CNN reports that the protests continued Monday night and into Tuesday, resulting in an 18-year-old man being shot and injured. Tuesday’s protests coincide with the celebration of China’s National Day, which this year marks the 70th anniversary of the People’s Republic of China

According to the Hong Kong Tourism Board, due to the demonstrations Airport Express services are currently only operating between Hong Kong Station and the airport, and they will not stop at any station en route. Additional access control measures are being taken at the airport’s terminals, and so visitors are advised to arrive three hours before departure. A few airlines, including Hong Kong Airlines, American Airlines and United Airlines have issued travel waivers, but those waivers are for Typhoon Mitag, which is approaching Taipei and Shanghai, and not for the protests. 

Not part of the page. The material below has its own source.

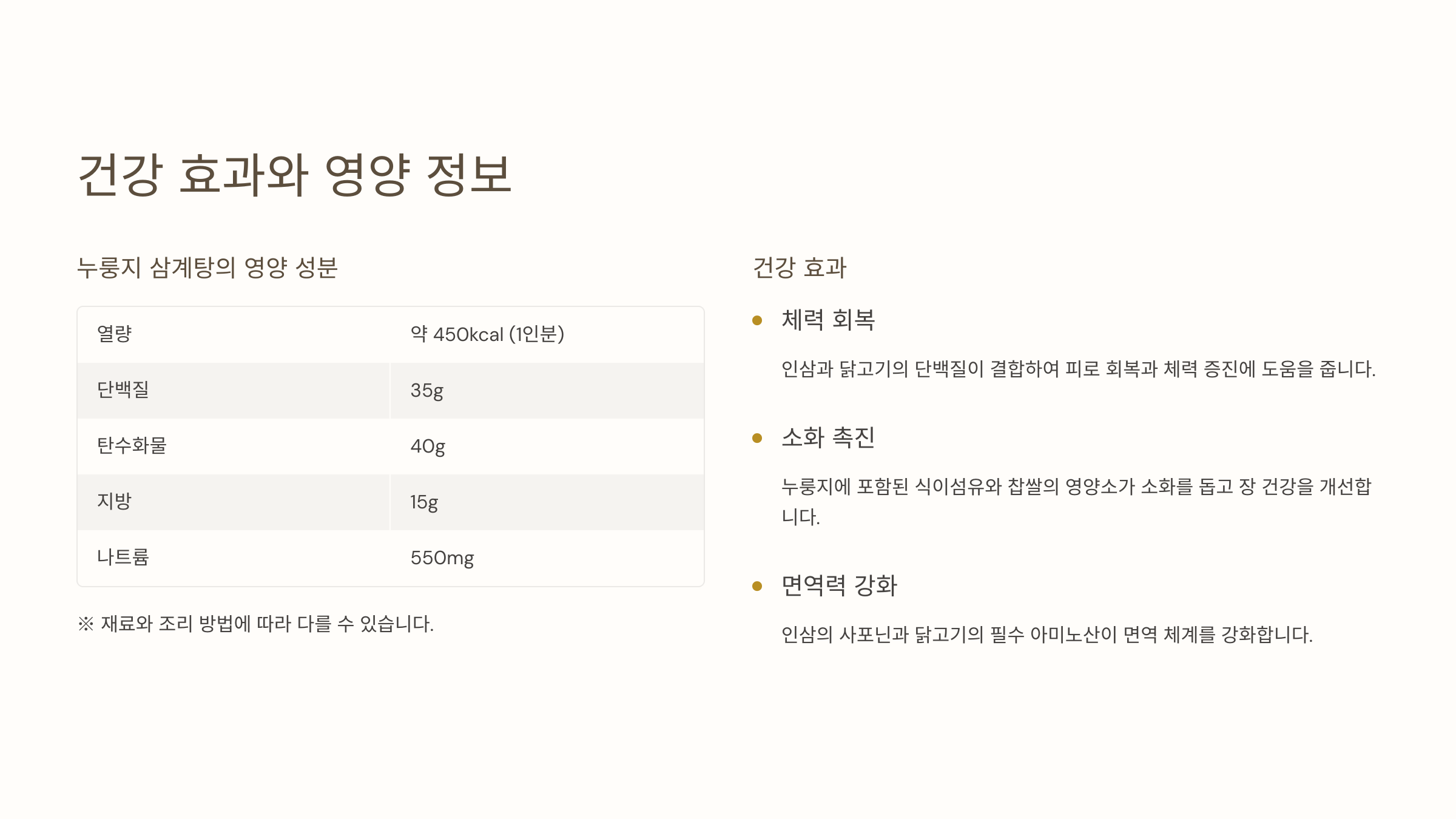 누룽지 삼계탕은 삼계탕의 전통적인 보양 효과는 그대로 유지하면서, 누룽지의 구수한 풍미가 더해져 다양한 입맛을 만족시켜요. 특히 집에서 간편하게 만들어 먹을 수 있어서 현대인에게 딱 맞는 메뉴죠.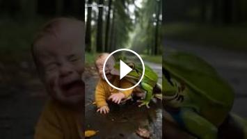 a huge frog was chasing a baby in forest but fortunately there was black cat to save him from the monster .

In terms of public transport, some MRT stations are closed today, and trams are not operating between Central and Causeway Bay. A full list of affected routes is available at td.gov.hk

Protestors were reportedly looking to stage demonstrations during National Day, when public celebrations were planned in Hong Kong. A major event is also taking place in Beijing, with attendance by government officials from Hong Kong. 

The protests have thus far lasted for 17 weeks. They originally began over a since-withdrawn extradition bill and have since turned into a larger call for more democracy in Hong Kong, as well as criticism of tactics the police have used to combat the protestors. Preliminary research has indicated that the protests have caused a decline in demand for travel to the destination. Shortly after the protests caused a number of flight disruptions to and from Hong Kong’s airport, ForwardKeys released a report showing that short-term bookings were down by 20.2 percent for the eight-week period from June 16 to August 9 – a period that included a general strike on June 16, the siege of police headquarters, the storming of the Legislative Council building on July 1 and a city-wide strike that caused a number of flight cancellations and light rail disruptions. The report examined short-term impact only, and it was released before protests in the Hong Kong airport’s terminal buildings shut down the facility entirely. 

The airport reopened when its operating authority obtained an interim injunction to restrain the protestors from occupying the airport’s facilities. The authority also implemented new access control measures in terminal buildings, only allowing passengers with a valid air ticket or boarding pass for a flight in the next 24 hours and a valid travel document to enter.